Repeat exactly, and only, the lines below starting at the line that contains "Lines: data, pythia8 8.308 qcdcr0qq1 |" and ending at the line that contains "Na stronie Parafii", inclusive of both.

AVAILABLE DATA »

———

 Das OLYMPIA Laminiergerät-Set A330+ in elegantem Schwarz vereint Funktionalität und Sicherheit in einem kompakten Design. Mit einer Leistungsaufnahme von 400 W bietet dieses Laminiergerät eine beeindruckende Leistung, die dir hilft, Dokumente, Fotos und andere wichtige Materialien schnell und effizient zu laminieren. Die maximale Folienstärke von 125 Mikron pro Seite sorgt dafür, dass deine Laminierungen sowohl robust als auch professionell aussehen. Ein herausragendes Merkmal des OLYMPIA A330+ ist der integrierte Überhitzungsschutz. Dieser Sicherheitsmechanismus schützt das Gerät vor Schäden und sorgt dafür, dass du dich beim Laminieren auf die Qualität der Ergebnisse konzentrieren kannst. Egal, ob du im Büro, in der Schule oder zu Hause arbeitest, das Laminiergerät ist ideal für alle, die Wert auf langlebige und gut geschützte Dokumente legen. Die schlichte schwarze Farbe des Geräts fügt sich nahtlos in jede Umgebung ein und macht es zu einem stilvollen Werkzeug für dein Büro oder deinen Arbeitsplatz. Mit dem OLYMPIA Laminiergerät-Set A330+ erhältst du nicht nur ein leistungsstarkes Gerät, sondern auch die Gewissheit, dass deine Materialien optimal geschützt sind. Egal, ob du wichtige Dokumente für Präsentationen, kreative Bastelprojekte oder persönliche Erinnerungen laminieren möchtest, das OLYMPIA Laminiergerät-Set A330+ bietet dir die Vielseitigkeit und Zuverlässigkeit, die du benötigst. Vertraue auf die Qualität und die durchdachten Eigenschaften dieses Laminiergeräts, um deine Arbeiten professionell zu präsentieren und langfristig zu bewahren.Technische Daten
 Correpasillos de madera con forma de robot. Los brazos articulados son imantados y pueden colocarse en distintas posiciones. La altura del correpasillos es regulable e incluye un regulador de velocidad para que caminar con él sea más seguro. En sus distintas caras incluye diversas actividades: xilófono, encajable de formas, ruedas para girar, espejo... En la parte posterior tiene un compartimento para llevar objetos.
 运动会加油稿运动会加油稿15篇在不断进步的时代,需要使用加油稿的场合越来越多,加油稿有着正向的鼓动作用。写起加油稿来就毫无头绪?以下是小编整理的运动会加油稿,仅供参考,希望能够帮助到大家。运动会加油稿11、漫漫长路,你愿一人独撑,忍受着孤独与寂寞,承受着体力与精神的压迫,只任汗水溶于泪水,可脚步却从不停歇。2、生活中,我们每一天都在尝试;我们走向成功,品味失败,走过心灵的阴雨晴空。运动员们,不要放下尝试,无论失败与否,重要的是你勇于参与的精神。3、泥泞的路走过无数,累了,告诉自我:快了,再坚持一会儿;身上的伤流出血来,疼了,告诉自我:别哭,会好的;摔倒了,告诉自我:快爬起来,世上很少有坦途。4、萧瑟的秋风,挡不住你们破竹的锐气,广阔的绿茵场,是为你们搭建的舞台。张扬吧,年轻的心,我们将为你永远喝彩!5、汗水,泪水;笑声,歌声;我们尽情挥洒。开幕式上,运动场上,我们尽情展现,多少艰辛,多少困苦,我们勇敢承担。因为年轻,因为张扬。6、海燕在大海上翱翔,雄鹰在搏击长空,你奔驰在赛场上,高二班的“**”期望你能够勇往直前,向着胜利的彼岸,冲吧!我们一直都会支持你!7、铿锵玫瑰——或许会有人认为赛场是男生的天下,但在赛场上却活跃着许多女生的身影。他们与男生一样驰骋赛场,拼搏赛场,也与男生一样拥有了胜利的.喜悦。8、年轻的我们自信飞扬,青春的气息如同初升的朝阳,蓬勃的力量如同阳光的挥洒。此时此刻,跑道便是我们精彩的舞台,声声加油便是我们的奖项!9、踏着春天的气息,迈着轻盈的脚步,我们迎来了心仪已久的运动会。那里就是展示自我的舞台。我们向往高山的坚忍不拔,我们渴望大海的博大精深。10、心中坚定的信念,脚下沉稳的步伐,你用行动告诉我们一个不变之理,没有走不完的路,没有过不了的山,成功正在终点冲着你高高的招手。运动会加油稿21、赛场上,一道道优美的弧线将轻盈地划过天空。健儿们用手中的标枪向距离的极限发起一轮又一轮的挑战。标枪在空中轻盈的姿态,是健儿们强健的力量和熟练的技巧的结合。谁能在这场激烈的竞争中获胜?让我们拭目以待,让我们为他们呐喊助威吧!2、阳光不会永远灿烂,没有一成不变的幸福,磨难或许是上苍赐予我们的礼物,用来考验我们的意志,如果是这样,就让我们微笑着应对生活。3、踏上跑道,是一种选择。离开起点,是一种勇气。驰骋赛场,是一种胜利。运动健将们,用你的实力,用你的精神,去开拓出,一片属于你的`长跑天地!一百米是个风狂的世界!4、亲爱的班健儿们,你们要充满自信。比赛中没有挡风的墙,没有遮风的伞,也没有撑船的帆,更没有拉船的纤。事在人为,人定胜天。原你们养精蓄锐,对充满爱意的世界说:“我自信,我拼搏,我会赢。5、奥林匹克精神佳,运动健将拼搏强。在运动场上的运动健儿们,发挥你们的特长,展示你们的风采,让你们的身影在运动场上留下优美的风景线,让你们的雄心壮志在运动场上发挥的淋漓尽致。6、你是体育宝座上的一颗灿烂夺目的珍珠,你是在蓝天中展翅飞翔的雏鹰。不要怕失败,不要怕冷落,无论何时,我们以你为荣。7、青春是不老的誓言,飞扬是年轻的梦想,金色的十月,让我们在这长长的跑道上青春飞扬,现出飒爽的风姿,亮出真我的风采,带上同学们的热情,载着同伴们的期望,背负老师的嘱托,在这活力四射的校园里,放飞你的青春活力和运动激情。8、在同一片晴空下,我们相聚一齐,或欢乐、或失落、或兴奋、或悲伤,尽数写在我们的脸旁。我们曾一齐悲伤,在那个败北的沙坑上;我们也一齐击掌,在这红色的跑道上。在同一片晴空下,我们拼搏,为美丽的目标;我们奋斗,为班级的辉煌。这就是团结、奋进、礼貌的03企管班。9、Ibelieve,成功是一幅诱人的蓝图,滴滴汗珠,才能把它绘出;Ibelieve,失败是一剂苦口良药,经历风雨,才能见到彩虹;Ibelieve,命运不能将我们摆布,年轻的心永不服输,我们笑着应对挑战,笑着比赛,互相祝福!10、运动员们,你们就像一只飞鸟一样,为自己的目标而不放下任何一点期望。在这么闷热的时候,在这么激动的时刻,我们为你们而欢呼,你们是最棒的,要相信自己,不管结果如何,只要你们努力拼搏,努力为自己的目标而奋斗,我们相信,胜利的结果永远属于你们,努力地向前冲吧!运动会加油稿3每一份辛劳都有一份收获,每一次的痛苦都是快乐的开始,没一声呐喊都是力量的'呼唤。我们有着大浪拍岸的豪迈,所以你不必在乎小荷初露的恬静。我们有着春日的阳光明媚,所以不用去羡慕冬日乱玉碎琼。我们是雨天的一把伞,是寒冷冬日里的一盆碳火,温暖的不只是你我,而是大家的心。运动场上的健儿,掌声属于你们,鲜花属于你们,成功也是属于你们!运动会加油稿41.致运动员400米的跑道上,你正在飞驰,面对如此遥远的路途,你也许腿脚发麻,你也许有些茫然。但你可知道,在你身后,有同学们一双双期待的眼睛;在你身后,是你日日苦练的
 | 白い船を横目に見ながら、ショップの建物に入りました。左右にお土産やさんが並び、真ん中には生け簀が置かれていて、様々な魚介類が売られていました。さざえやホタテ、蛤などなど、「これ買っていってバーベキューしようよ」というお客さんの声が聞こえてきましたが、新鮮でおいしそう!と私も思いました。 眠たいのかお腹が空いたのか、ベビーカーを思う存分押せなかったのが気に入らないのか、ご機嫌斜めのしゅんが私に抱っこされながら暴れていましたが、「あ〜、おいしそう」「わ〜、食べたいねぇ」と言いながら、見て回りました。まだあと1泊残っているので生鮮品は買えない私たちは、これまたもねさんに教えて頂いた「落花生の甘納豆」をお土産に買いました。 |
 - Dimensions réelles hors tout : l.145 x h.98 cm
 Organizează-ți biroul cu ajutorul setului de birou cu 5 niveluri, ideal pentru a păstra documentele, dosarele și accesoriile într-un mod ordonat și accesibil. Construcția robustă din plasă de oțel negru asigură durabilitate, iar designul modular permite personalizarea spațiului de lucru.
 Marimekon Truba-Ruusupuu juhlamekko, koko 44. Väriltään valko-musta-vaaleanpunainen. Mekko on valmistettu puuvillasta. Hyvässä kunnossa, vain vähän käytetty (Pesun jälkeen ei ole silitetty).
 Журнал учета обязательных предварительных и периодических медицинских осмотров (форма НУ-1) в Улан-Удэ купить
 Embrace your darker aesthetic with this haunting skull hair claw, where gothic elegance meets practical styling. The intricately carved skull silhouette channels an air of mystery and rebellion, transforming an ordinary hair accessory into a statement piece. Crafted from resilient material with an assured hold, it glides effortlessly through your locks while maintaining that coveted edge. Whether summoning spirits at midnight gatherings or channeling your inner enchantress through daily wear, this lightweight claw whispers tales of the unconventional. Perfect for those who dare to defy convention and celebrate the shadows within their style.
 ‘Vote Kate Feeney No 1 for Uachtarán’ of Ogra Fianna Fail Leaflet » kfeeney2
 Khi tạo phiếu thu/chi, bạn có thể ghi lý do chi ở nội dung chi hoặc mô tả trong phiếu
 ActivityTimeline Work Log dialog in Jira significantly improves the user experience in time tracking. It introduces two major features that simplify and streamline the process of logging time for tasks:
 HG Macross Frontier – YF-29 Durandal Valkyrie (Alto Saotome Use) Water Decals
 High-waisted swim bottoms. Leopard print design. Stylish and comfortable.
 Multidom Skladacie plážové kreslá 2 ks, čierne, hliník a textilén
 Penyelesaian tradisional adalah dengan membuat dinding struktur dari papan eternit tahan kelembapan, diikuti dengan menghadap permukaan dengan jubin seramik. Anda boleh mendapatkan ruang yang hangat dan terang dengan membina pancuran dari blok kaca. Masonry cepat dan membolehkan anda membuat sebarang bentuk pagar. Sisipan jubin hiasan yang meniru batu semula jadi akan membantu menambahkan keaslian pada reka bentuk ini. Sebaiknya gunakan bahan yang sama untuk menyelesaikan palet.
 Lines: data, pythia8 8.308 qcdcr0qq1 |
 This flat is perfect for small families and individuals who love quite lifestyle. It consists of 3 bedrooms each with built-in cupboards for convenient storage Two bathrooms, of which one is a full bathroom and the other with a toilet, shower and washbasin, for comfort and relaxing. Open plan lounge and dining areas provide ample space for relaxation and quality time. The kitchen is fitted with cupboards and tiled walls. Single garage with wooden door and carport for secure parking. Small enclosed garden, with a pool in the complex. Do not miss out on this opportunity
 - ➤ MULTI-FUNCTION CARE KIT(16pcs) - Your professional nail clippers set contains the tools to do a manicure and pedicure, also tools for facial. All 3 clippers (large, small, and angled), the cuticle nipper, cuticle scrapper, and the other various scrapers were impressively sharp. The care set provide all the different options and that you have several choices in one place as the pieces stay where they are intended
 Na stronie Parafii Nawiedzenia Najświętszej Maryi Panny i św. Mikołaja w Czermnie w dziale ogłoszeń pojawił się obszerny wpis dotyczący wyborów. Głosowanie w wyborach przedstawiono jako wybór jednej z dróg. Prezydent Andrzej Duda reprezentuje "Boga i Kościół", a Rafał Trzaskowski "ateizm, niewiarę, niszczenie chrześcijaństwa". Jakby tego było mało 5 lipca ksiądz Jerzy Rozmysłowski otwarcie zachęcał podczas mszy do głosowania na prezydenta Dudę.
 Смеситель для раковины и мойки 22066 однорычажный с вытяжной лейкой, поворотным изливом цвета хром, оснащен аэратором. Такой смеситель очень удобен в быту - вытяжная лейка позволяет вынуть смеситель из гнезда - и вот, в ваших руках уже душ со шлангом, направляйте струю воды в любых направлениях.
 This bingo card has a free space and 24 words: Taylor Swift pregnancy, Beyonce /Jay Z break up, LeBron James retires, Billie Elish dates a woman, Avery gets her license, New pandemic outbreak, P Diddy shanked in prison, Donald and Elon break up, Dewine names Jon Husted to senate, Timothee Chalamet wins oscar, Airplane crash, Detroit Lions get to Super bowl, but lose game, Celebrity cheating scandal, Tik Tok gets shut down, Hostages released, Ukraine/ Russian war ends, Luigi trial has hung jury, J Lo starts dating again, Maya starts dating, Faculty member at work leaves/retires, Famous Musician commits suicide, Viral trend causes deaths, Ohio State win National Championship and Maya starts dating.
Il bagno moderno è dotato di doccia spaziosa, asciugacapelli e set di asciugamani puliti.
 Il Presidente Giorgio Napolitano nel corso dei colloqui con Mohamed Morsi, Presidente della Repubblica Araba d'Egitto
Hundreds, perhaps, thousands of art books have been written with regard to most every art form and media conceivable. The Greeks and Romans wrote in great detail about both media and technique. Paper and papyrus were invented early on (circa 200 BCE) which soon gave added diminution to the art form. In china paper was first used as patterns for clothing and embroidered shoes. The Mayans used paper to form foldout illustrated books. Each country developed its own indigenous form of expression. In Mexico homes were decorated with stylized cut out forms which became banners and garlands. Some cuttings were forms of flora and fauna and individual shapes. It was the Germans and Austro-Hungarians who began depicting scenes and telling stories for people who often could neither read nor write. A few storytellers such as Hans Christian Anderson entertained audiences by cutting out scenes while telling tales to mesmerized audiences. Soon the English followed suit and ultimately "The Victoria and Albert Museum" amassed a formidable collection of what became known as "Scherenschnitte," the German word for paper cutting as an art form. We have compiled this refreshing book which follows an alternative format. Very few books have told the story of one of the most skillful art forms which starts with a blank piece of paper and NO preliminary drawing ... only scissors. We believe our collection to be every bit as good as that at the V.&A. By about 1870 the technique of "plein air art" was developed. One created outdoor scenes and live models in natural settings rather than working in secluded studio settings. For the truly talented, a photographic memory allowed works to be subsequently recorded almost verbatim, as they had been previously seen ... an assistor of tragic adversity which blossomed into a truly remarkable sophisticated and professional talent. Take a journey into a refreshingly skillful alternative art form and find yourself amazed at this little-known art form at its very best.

———

EXPECTED ANSWER »
 Lines: data, pythia8 8.308 qcdcr0qq1 |
 This flat is perfect for small families and individuals who love quite lifestyle. It consists of 3 bedrooms each with built-in cupboards for convenient storage Two bathrooms, of which one is a full bathroom and the other with a toilet, shower and washbasin, for comfort and relaxing. Open plan lounge and dining areas provide ample space for relaxation and quality time. The kitchen is fitted with cupboards and tiled walls. Single garage with wooden door and carport for secure parking. Small enclosed garden, with a pool in the complex. Do not miss out on this opportunity
 - ➤ MULTI-FUNCTION CARE KIT(16pcs) - Your professional nail clippers set contains the tools to do a manicure and pedicure, also tools for facial. All 3 clippers (large, small, and angled), the cuticle nipper, cuticle scrapper, and the other various scrapers were impressively sharp. The care set provide all the different options and that you have several choices in one place as the pieces stay where they are intended
 Na stronie Parafii Nawiedzenia Najświętszej Maryi Panny i św. Mikołaja w Czermnie w dziale ogłoszeń pojawił się obszerny wpis dotyczący wyborów. Głosowanie w wyborach przedstawiono jako wybór jednej z dróg. Prezydent Andrzej Duda reprezentuje "Boga i Kościół", a Rafał Trzaskowski "ateizm, niewiarę, niszczenie chrześcijaństwa". Jakby tego było mało 5 lipca ksiądz Jerzy Rozmysłowski otwarcie zachęcał podczas mszy do głosowania na prezydenta Dudę.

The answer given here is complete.